> Activity: With pictures left out, write out exactly every line from the start of the data through the one that contains "Domine Finanças Corporativas: Cursos".

> Information provided:
>>>

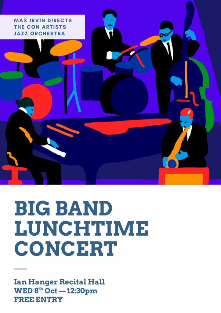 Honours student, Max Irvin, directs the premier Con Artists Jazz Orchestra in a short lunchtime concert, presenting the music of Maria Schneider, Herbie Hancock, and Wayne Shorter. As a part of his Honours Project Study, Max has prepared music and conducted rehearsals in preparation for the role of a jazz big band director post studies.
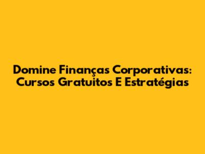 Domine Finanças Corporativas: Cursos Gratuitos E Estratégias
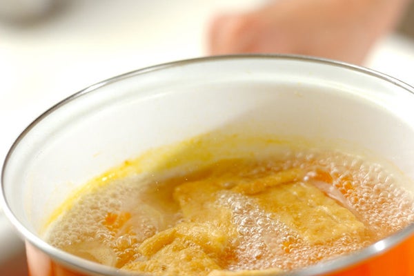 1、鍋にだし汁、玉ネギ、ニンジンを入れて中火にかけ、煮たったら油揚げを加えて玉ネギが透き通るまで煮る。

<<<

> Answer for this exercise:
 Honours student, Max Irvin, directs the premier Con Artists Jazz Orchestra in a short lunchtime concert, presenting the music of Maria Schneider, Herbie Hancock, and Wayne Shorter. As a part of his Honours Project Study, Max has prepared music and conducted rehearsals in preparation for the role of a jazz big band director post studies.
 Domine Finanças Corporativas: Cursos Gratuitos E Estratégias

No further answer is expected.